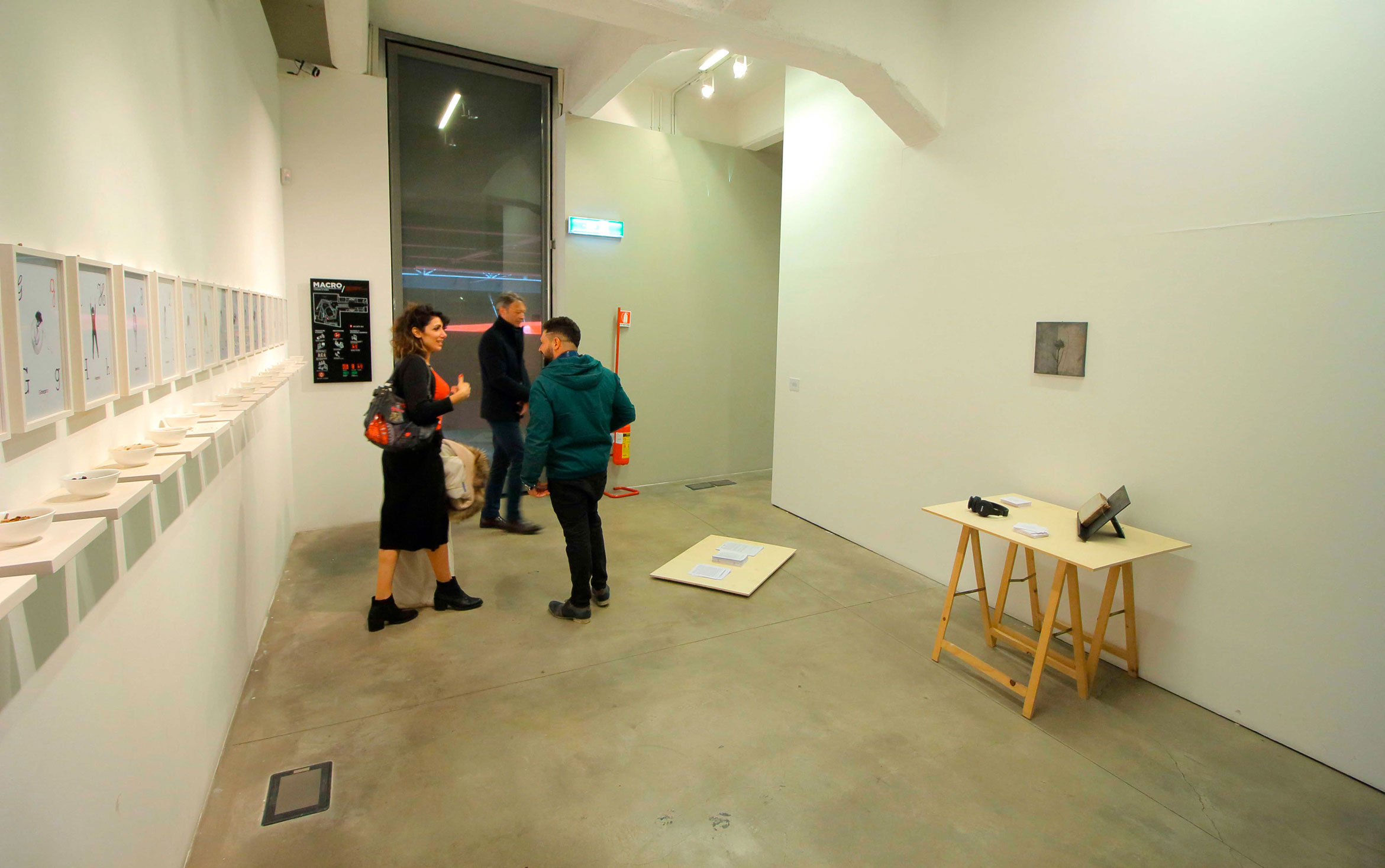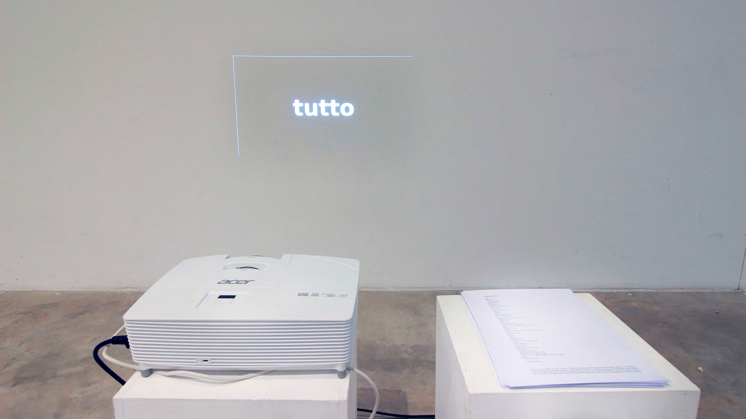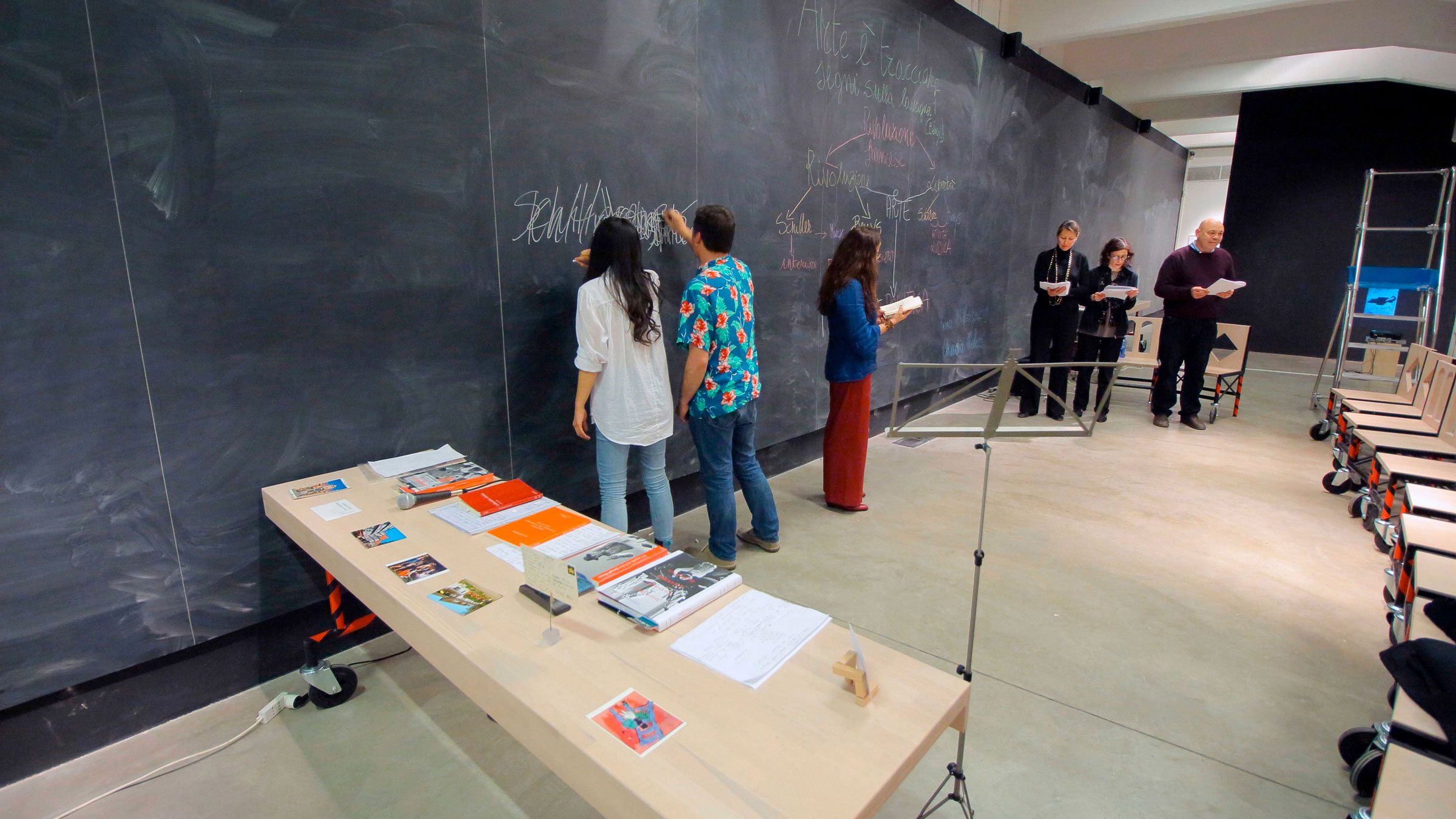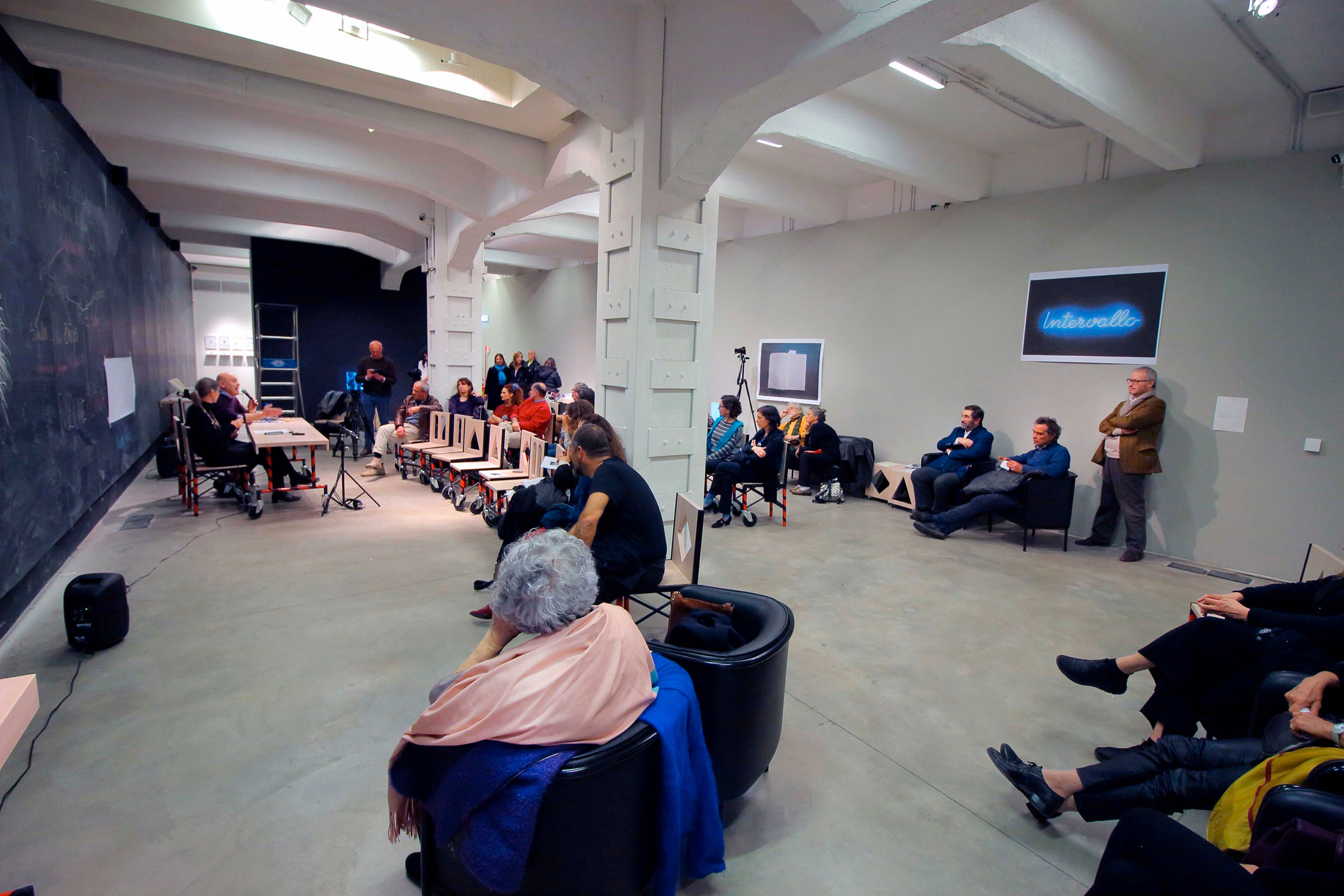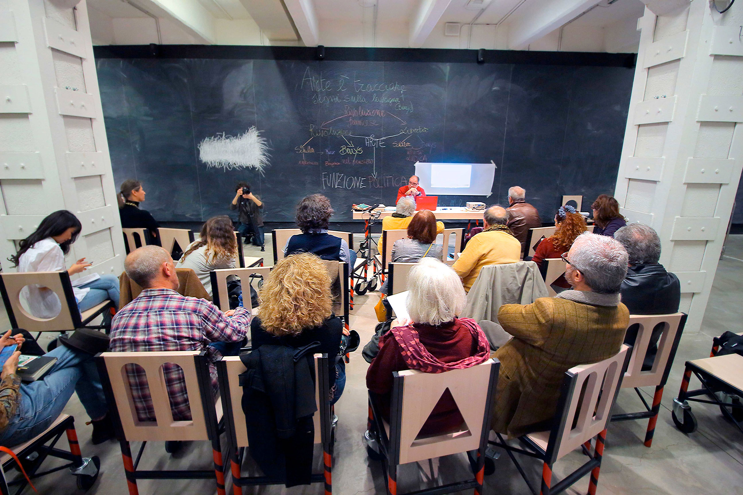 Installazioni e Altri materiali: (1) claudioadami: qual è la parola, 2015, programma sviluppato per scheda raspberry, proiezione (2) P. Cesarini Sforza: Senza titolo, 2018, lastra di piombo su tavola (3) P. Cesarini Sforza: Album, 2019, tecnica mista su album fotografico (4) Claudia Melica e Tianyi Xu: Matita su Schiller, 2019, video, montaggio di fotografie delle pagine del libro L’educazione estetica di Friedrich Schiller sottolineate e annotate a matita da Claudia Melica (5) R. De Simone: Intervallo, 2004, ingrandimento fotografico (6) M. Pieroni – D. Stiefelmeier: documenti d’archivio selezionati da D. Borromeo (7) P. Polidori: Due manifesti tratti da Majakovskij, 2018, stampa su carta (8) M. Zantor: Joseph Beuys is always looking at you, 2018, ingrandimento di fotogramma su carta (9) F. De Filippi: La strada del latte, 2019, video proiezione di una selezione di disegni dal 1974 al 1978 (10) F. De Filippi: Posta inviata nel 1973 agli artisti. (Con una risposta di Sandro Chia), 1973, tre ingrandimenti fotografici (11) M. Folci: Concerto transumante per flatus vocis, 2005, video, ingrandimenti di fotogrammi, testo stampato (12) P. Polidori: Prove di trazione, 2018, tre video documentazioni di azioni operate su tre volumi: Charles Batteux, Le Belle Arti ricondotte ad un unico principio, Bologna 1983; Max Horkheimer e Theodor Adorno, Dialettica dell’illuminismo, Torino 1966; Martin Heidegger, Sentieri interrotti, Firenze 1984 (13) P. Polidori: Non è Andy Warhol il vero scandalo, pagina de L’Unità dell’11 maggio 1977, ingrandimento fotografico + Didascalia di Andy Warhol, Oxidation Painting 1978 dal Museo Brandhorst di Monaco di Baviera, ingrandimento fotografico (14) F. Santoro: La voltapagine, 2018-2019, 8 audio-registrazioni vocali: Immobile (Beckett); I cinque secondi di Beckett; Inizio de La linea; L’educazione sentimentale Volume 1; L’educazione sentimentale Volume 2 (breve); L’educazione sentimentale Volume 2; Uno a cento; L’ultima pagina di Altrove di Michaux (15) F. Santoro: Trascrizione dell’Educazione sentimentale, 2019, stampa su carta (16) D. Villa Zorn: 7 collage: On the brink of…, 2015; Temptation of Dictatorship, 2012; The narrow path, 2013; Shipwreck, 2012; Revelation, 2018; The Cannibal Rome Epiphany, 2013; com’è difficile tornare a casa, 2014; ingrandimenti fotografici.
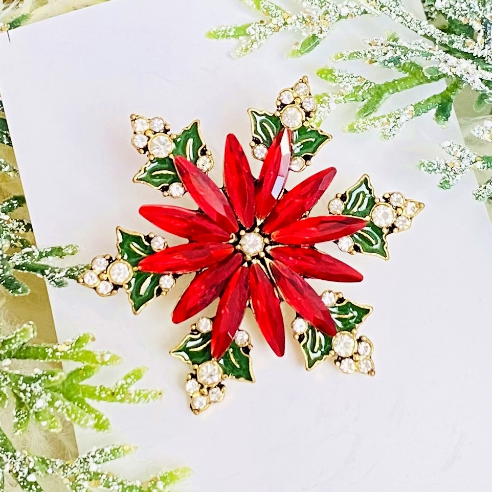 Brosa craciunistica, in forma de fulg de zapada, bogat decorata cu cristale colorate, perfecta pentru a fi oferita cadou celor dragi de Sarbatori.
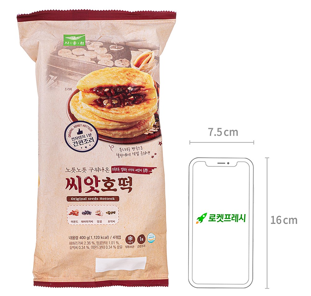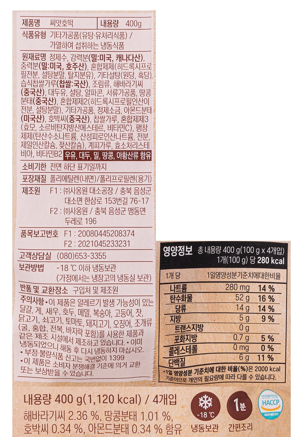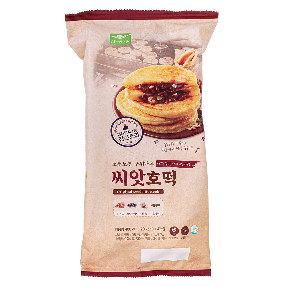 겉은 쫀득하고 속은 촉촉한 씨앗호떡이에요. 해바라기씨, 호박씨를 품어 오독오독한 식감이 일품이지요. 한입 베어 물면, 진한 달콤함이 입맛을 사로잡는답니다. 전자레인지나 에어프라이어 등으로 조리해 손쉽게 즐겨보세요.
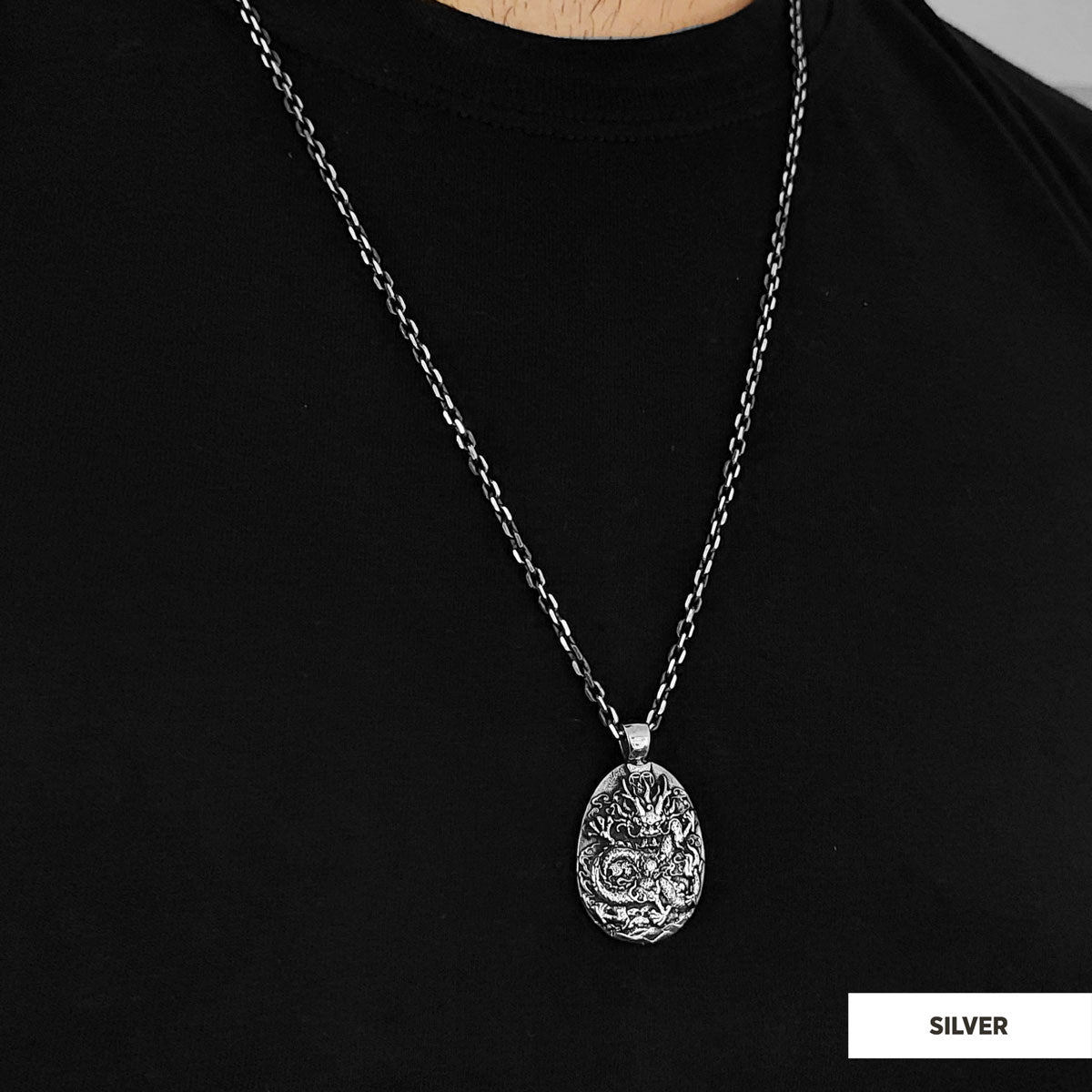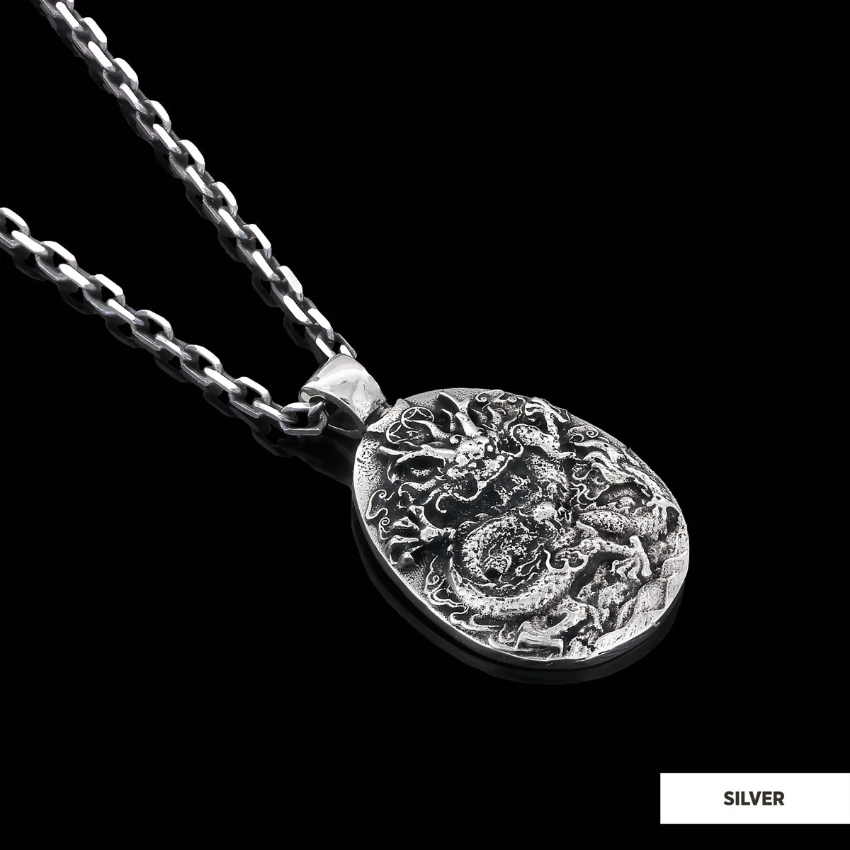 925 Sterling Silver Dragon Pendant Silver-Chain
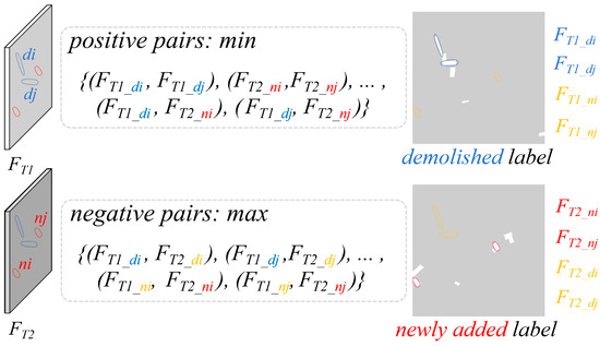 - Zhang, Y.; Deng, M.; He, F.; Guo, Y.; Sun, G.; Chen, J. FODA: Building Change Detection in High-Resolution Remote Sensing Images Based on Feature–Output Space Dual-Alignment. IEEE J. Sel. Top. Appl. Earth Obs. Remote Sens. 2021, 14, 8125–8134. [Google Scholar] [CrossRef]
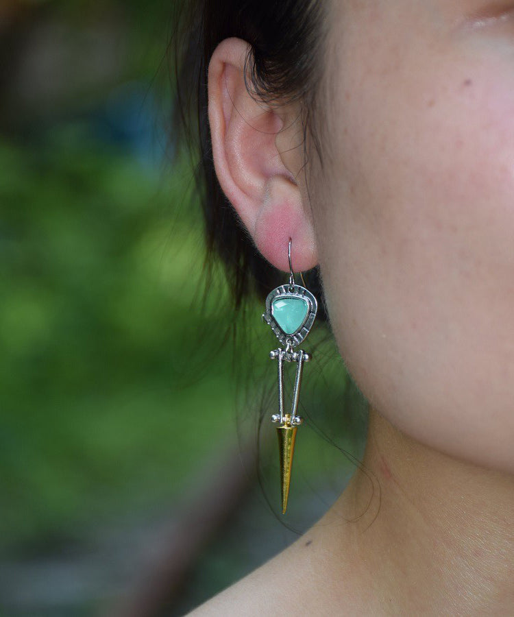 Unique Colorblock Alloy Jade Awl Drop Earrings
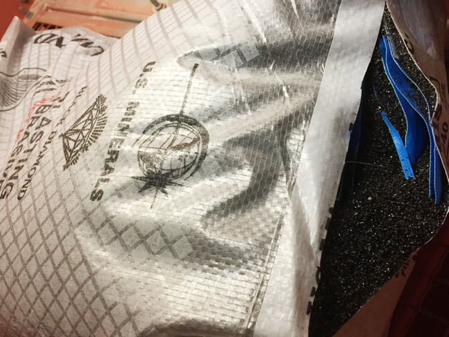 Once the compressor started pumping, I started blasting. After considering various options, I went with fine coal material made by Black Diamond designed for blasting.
------------------------------------------------
[TRY IT]: When you come to the line containing "Unique Colorblock Alloy" in the records above, repeat that line and all lines after it exactly, but not the pictures.

[WRITTEN ANSWER]:
 Unique Colorblock Alloy Jade Awl Drop Earrings
 Once the compressor started pumping, I started blasting. After considering various options, I went with fine coal material made by Black Diamond designed for blasting.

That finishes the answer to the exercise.